Pulmonary rehabilitation
Although the progress in asthma pharmacotherapies grabs headlines, the huge potential benefit of nonpharmacological interventions cannot be ignored. Pulmonary rehabilitation has repeatedly demonstrated its indispensable place in chronic obstructive pulmonary disease management; however, its role in asthma is less well defined. A recently published systematic review and meta-analysis explored the beneficial effects of pulmonary rehabilitation on quality of life, exercise tolerance and lung function in patients with asthma, and called for large-scale quality randomised control trials to further investigate promising signals.42
An international severe asthma registry
A welcome development in recent years has been the increase in the number of national registries of individuals with severe asthma, and their incorporation into an international registry (www.isar.opcglobal.org). The findings from such platforms have already influenced the international asthma guidelines and continue to produce fruitful collaborative research.
Conclusion
Severe asthma is a rapidly evolving area of medicine. Case finding through machine learning, integrating clinical decision support tools and improving access to smart inhaler technology are feasible ways to optimise asthma care using available technology. OCS harm minimisation strategies are under investigation following the recent finding of the low cumulative dose threshold for toxicity. Furthermore, implementing a practical model of care that encourages personalised and holistic asthma management can improve asthma care while broadening research opportunities for otherwise overlooked conditions. Finally, the emergence of novel biomarkers and drug classes further builds on the momentum and enthusiasm generated in the biologic era, potentially ushering in a new era of asthma remission built on international collaborative research. RMT
COMPETING INTERESTS: Dr Crawford has received speaker fees from Chiesi.

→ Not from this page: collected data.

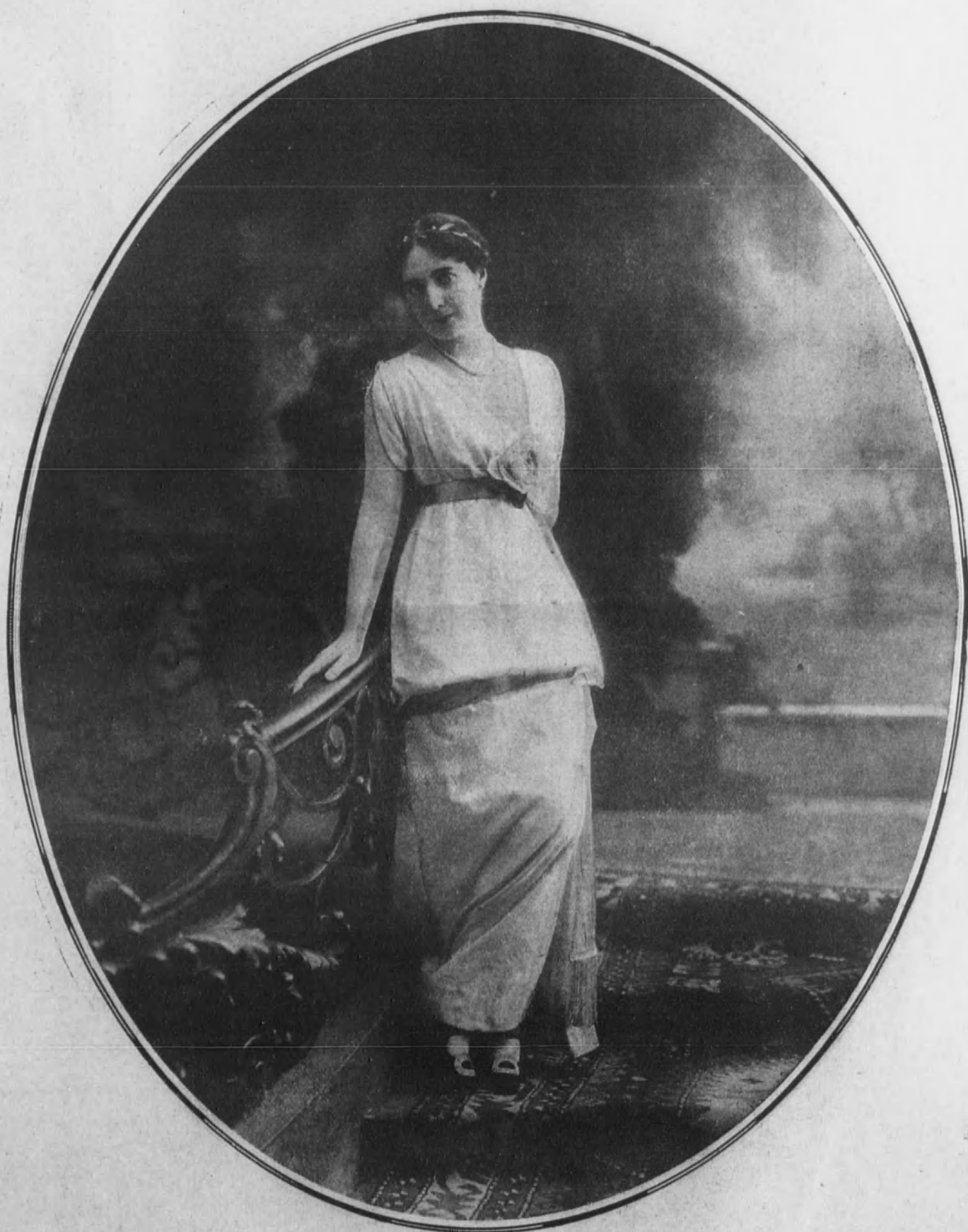
Elegante traje de recepción.
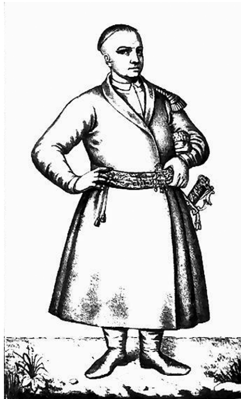
Рис. № 3. Сотник Лівобережного полку. З малюнку О. І. Рігельмана. Перша половина XVIII ст. Літографія. Папір. Друк. П., о. 25 x 17,5 см.
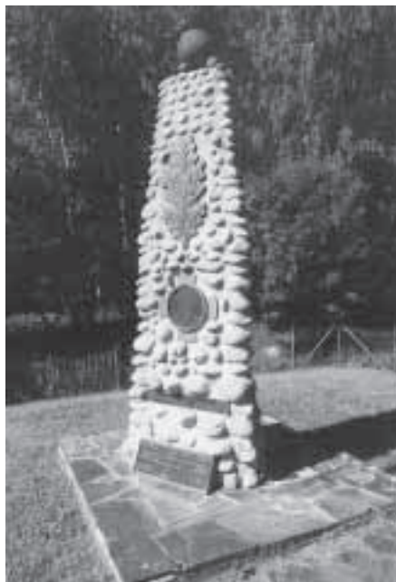
Veteraanien muistopaasi sijaitsee paikassa josta Padasjoen miehet ja pojat lähtivät 22.6.1941 jatkosotaan.

Lahden Sotaveteraanipiirin alueen pitäjästä on paikallisten Sotaveteraaniyhdistysten toimesta kerätty mittava kuvateos viime sotiimme 1939-1945 liittyvistä, sekä aiemmin lähinnä itenäisyytemme aikana pystytetyistä muistomerkeistä.
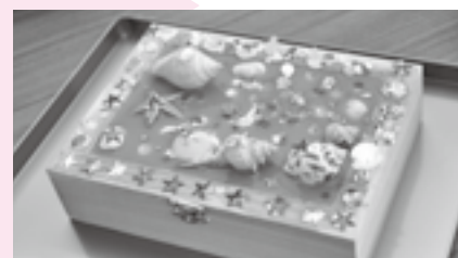
きれいに飾り付けよう

※申し込みは午前9時~午後5時に久住公民館(☎36-1646、月曜日・祝日・7月22日(火)は休館)へ。

Dr Blakey has received medical advisory contract fees from Asthma Australia; research grants from MRFF, FHRI, Telethon Kids Institute, International Primary Care Respiratory Group, Charlies Foundation for Research; personal and/or institutional fees for educational presentations from Chiesi, The Limbic, Boehringer Ingelheim, GSK, AstraZeneca and Sanofi; and support for travel to conferences from GSK, Centre for Research Execellence in Treatable Traits, AstraZeneca and The George Institute. Dr Chung has received speaker fees from Chiesi, GSK, AstraZeneca and Boehringer Ingelheim.